Buscando articulação das instituições, o IV Encontro Nacional da Rede Nacional de Recuperação de Ativos (Conferência Recupera MT), será realizado no auditório Espaço Justiça, Cultura e Arte Desembargador Gervásio Leite, na sede do Tribunal de Justiça de Mato Grosso (TJMT).

O evento promovido pelo Ministério da Justiça e Segurança Pública, por meio da Rede Nacional de Recuperação de Ativos (Recupera), conta com a parceria do Tribunal de Justiça de Mato Grosso, por meio da Corregedoria-Geral da Justiça e Escola Superior da Magistratura, Polícia Civil de Mato Grosso e Ministério Público Estadual.

Nos dois dias serão discutidas a recuperação de bens oriundos de atividades ilícitas com foco na descapitalização de organizações criminosas, a ampliação e cooperação entre órgãos federais e estaduais do sistema de justiça e das forças de segurança.

Representando a Polícia Civil mato-grossense, 60 delegados de polícia atuantes na capital e interior do estado participarão da Conferência Recupera MT.

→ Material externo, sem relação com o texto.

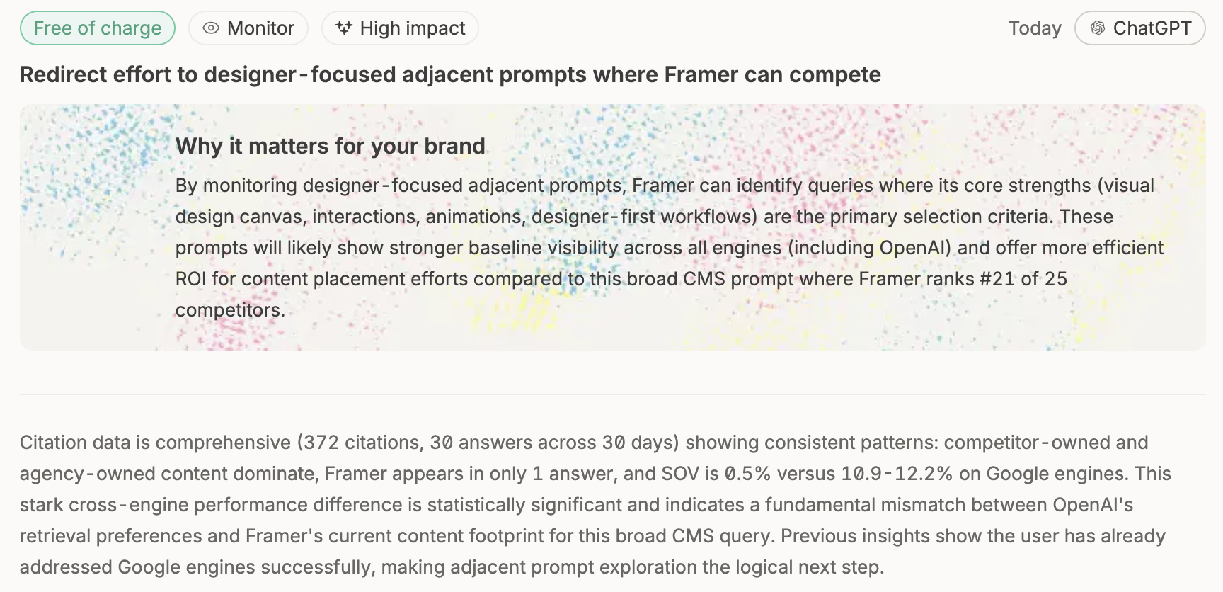 - Identifies citation gaps by comparing which prompts cite competitors but not you

A programação também conta com a presença de dois delegados da instituição, que farão as apresentações no Painel 5 (tema: Confisco Alargado) e Painel 6 (tema: A Problemática da Apreensão de Criptomoedas).

Para o delegado-geral da Polícia Civil, Rodrigo Bastos da Silva, a atuação estratégica da Polícia Civil no combate ao crime organizado passa necessariamente pela recuperação de ativos das organizações criminosas, com a reversão para a própria força de segurança pública.

Conforme o coordenador de Informações Financeiras e Recuperação de Ativos (Cifra), da Polícia Civil, Luiz Henrique Damasceno, a recuperação de ativos é primordial ser discutida pelos Órgãos que compõem o sistema criminal, uma vez que para enfrentar o crime organizado não basta identificar autoria e materializada.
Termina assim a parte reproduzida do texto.